◆ Exercise aim
Each line below is to be repeated exactly; any picture is to be left out.

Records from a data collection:
========================

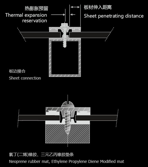 "干法"安裝的優點是橡膠墊卡住板材,在熱脹和冷縮時板可以自由移動。
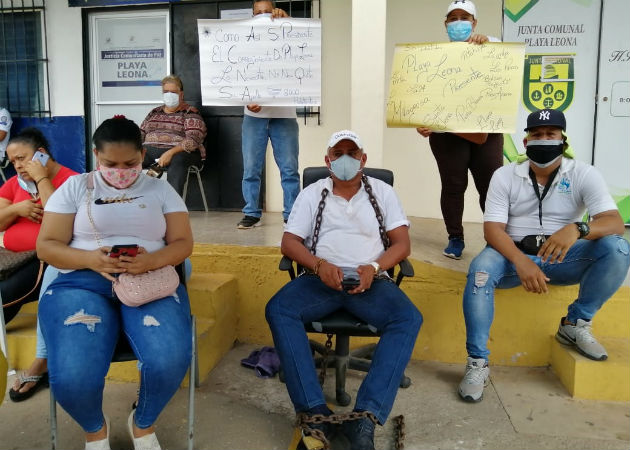 El representante de Playa Leona en el distrito de La Chorrera, Marcel Rivera, optó este lunes por encadenarse frente al edificio de la junta comunal para exigir la entrega de mayor ayuda gubernamental a población de su corregimiento.
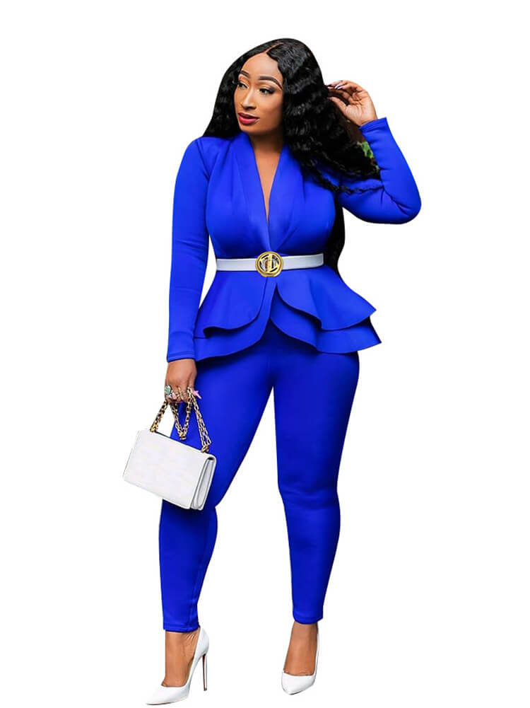 Características: excelentes blazers con pantalones con cuello solapa, cuello vuelto, largo hasta el tobillo, frente abierto, gancho, escote en V, manga larga, pantalones largos tipo lápiz, trajes elásticos excelentes, estilo ajustado.
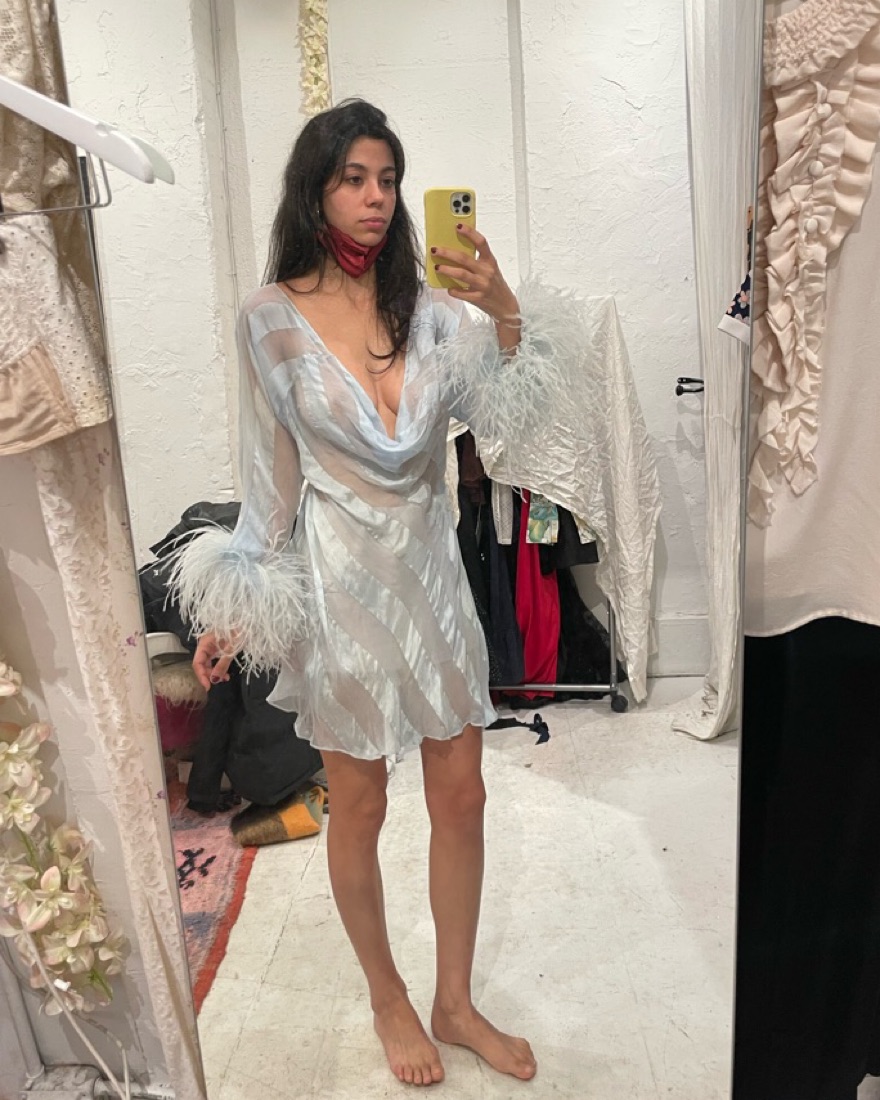 Sheer Dana Foley Feather Dress
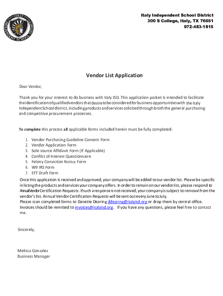 Italy Independent School District 300 S College, Italy, TX 76651 9724831815Vendor List Application Dear Vendor, Thank you for your interest to do business with Italy ISD. This application packet Is

========================

◆ Output of the exercise
 "干法"安裝的優點是橡膠墊卡住板材,在熱脹和冷縮時板可以自由移動。
 El representante de Playa Leona en el distrito de La Chorrera, Marcel Rivera, optó este lunes por encadenarse frente al edificio de la junta comunal para exigir la entrega de mayor ayuda gubernamental a población de su corregimiento.
 Características: excelentes blazers con pantalones con cuello solapa, cuello vuelto, largo hasta el tobillo, frente abierto, gancho, escote en V, manga larga, pantalones largos tipo lápiz, trajes elásticos excelentes, estilo ajustado.
 Sheer Dana Foley Feather Dress
 Italy Independent School District 300 S College, Italy, TX 76651 9724831815Vendor List Application Dear Vendor, Thank you for your interest to do business with Italy ISD. This application packet Is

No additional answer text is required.